━━━━━ Data for review ━━━━━

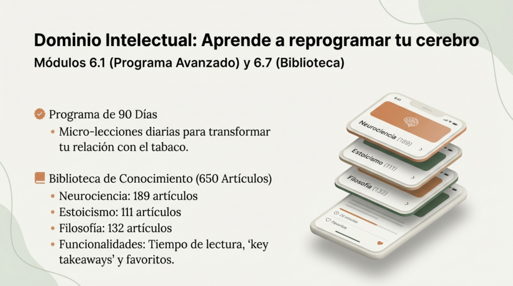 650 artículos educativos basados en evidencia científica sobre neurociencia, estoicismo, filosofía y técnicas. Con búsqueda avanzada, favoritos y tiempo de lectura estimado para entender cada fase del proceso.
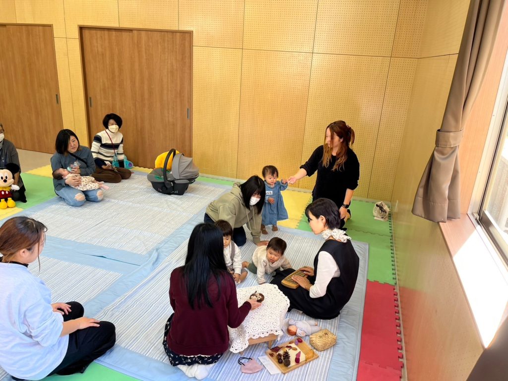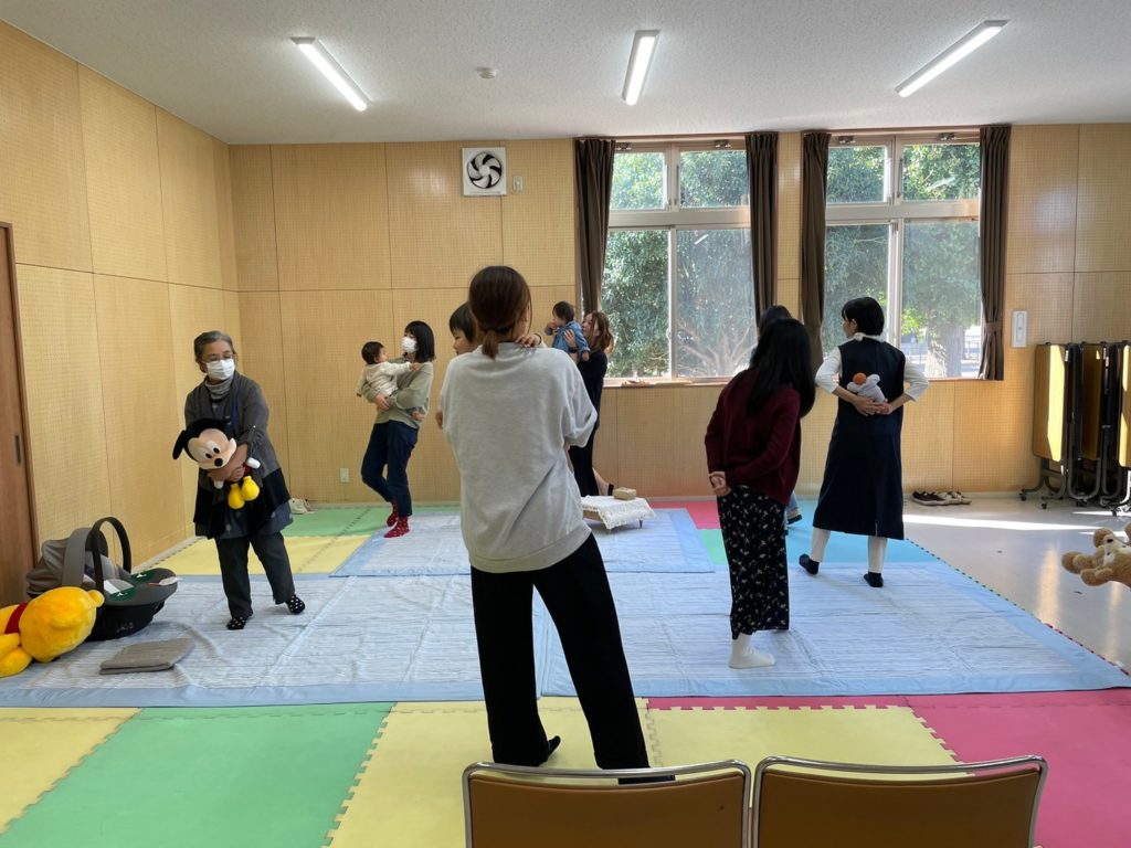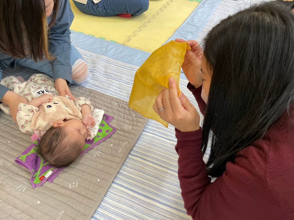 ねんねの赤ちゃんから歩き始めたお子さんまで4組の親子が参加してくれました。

━━━━━
━━━━━ Data for review ━━━━━

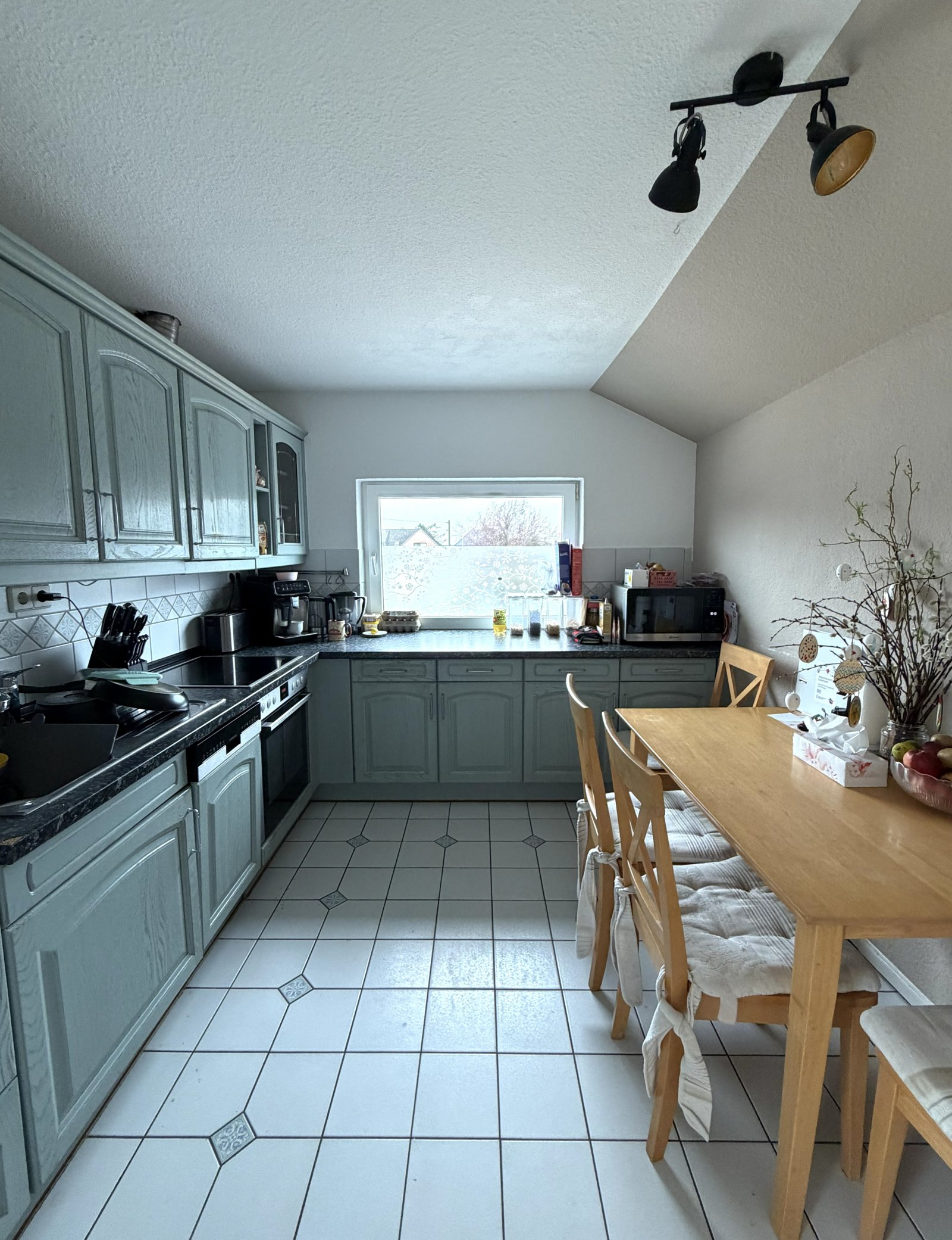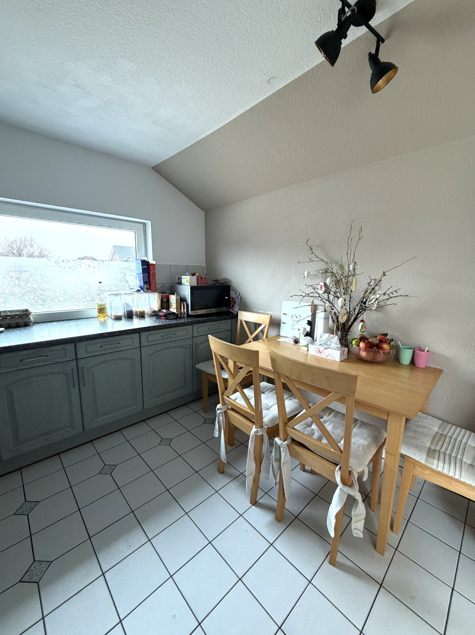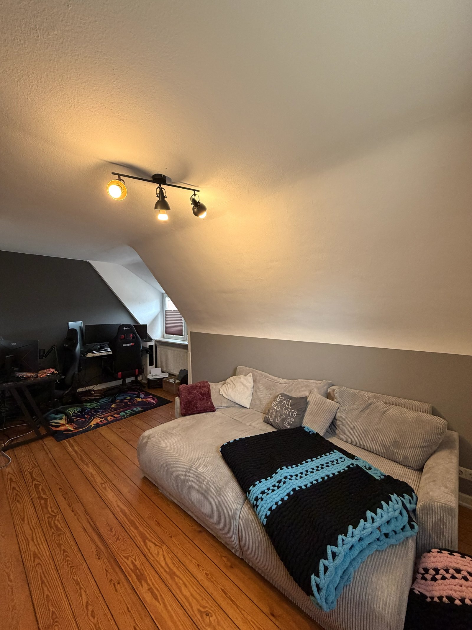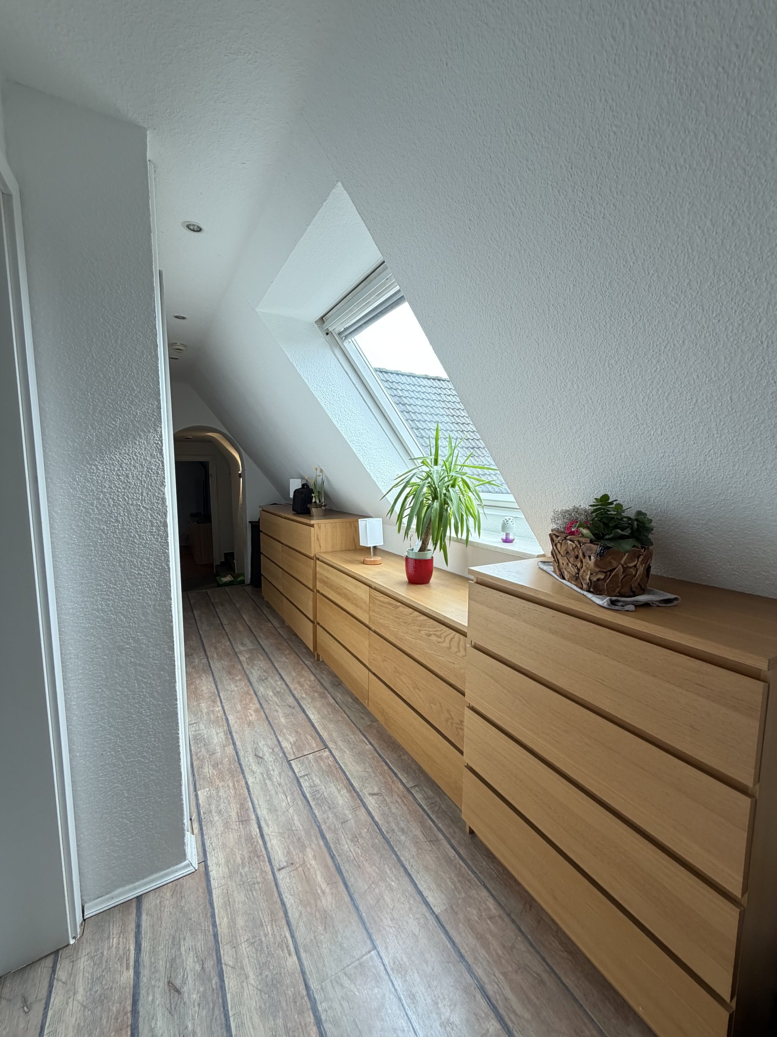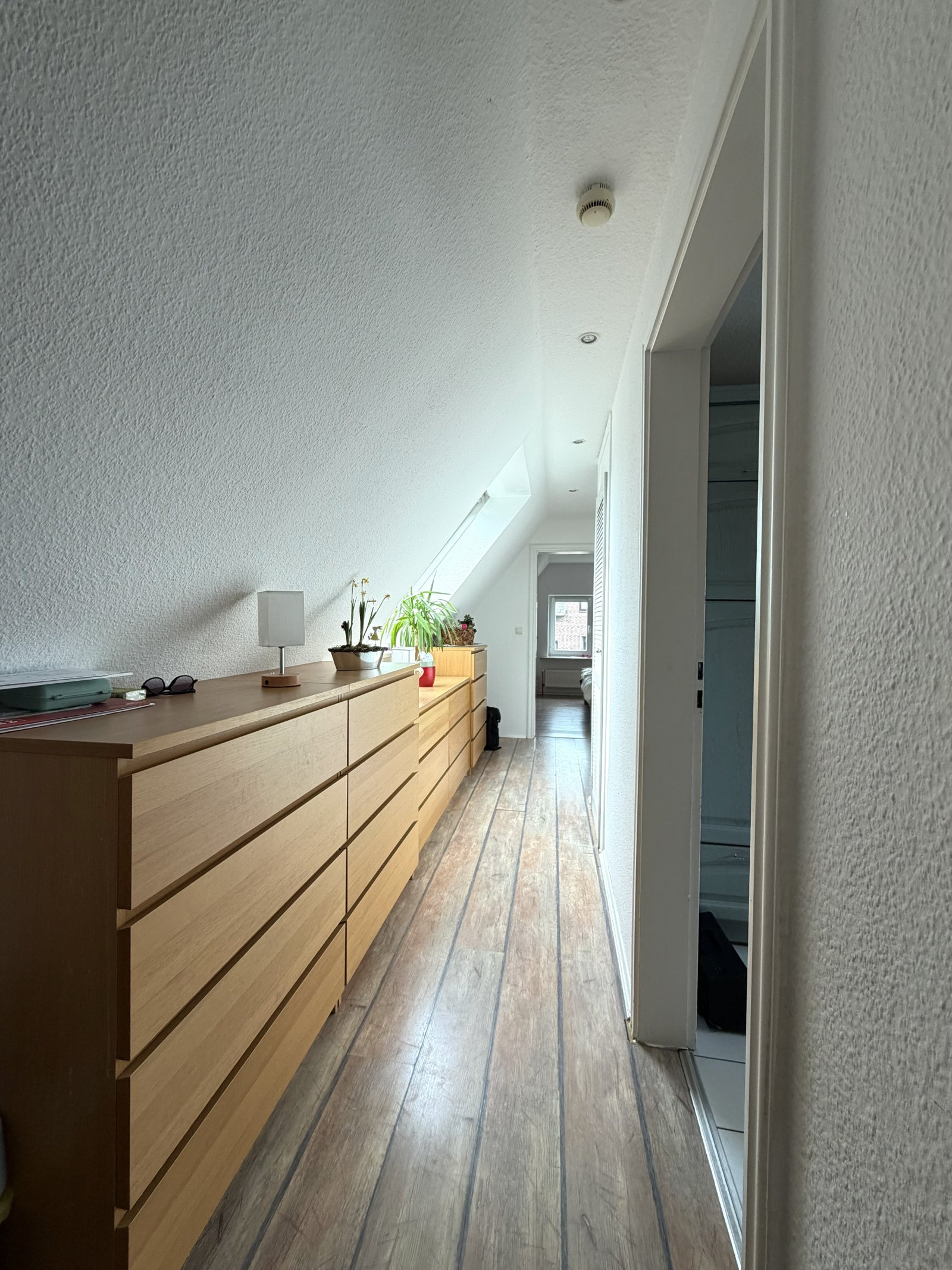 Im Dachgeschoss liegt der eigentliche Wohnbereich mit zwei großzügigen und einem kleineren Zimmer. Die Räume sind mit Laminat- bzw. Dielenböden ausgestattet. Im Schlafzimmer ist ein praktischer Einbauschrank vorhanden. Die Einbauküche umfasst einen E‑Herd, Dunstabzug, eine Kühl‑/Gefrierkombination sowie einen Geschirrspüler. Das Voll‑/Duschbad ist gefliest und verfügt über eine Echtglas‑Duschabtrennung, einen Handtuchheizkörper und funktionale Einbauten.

━━━━━
━━━━━ Data for review ━━━━━

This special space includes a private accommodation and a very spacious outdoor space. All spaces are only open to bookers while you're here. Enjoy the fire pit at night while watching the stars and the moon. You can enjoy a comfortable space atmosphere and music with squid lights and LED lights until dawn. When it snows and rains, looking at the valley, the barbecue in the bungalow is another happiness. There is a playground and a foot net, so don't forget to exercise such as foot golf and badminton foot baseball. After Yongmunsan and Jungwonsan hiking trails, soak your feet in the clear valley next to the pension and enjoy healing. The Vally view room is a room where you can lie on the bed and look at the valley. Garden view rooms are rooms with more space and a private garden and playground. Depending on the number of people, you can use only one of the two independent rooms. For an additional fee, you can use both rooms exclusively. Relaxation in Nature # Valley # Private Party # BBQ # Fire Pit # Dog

━━━━━

— Directions —
For the data above, set down exactly the lines from the line with "650 artículos educativos" to the line with "ねんねの赤ちゃんから歩き始めたお子さんまで4組の親子が参加してくれました。", both included, leaving pictures out.

— Response area —
 650 artículos educativos basados en evidencia científica sobre neurociencia, estoicismo, filosofía y técnicas. Con búsqueda avanzada, favoritos y tiempo de lectura estimado para entender cada fase del proceso.
 ねんねの赤ちゃんから歩き始めたお子さんまで4組の親子が参加してくれました。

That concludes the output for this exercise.